Hope to update soon.
Regards,
Matt
On Nov 27, 11:51 pm, Mike Christie <micha...@cs.wisc.edu> wrote:
> On 11/27/2011 06:06 PM,MattLundstromwrote:
>
> > Hi Mike,
>
> > Well, the log above was just a sample. The underlying 1011 error sometimes
> > appears without a ping error, for example:
>
> Could you try the kernel I sent in the other mail:
>
> http://people.redhat.com/mchristi/kernel-2.6.18-274.el5.iscsidebug1.i...
>
> http://people.redhat.com/mchristi/kernel-PAE-2.6.18-274.el5.iscsidebu...
>
> http://people.redhat.com/mchristi/kernel-2.6.18-274.el5.iscsidebug1.x...

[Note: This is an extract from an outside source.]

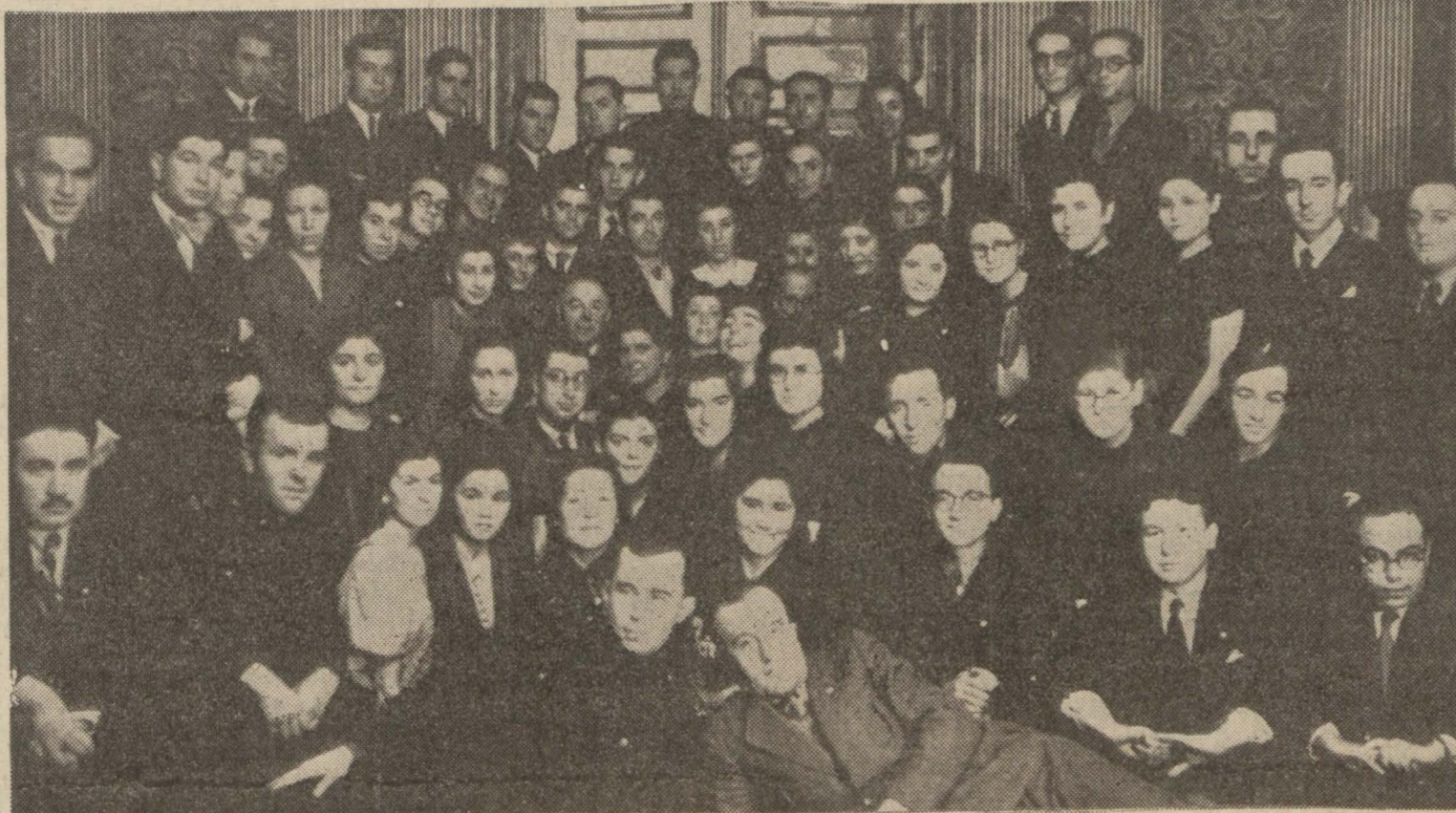
Rektör Cemil Bilsel, Fen Fakültesi talebeleri arasında (Yazısı ve Edebiyat Fakültesi talebelerine aid resim 5 inci sahifemizde)

Üniversitelinin ezeli derdi! Rektörün dünkü çayında kitabsızlık hocasızlık acısı bir daha anlatıldı

Well, we got things juggled around a lot sooner than expected, and got
the kernel installed.
But our VMs would not start under it.
[root@hv4 ~]# tail -f /var/log/messages
Dec 6 14:25:15 hv4 kernel: [bnx2x_extract_max_cfg:1074(eth3)]Illegal
configuration detected for Max BW - using 100 instead
Dec 6 14:25:15 hv4 kernel: [bnx2x_extract_max_cfg:1074(eth4)]Illegal
configuration detected for Max BW - using 100 instead
Dec 6 14:25:15 hv4 kernel: [bnx2x_extract_max_cfg:1074(eth5)]Illegal
configuration detected for Max BW - using 100 instead
Dec 6 14:25:15 hv4 kernel: [bnx2x_extract_max_cfg:1074(eth6)]Illegal
configuration detected for Max BW - using 100 instead
Dec 6 14:25:15 hv4 kernel: [bnx2x_extract_max_cfg:1074(eth7)]Illegal
configuration detected for Max BW - using 100 instead
Dec 6 14:25:45 hv4 kernel: [bnx2x_extract_max_cfg:1074(eth3)]Illegal
configuration detected for Max BW - using 100 instead
Dec 6 14:25:45 hv4 kernel: [bnx2x_extract_max_cfg:1074(eth4)]Illegal
configuration detected for Max BW - using 100 instead
Dec 6 14:25:45 hv4 kernel: [bnx2x_extract_max_cfg:1074(eth5)]Illegal
configuration detected for Max BW - using 100 instead
Dec 6 14:25:45 hv4 kernel: [bnx2x_extract_max_cfg:1074(eth6)]Illegal
configuration detected for Max BW - using 100 instead
Dec 6 14:25:45 hv4 kernel: [bnx2x_extract_max_cfg:1074(eth7)]Illegal
configuration detected for Max BW - using 100 instead
Looks like this kernel doesn't like the Nics on the blade servers.
Regards,
Matt
Doh. My fault. I see you are using the xen kernel 2.6.18-238.9.1.el5xen.
I will rebuild a kernel based on that.
Thanks Mike, I will keep an eye out for it. Much appreciated.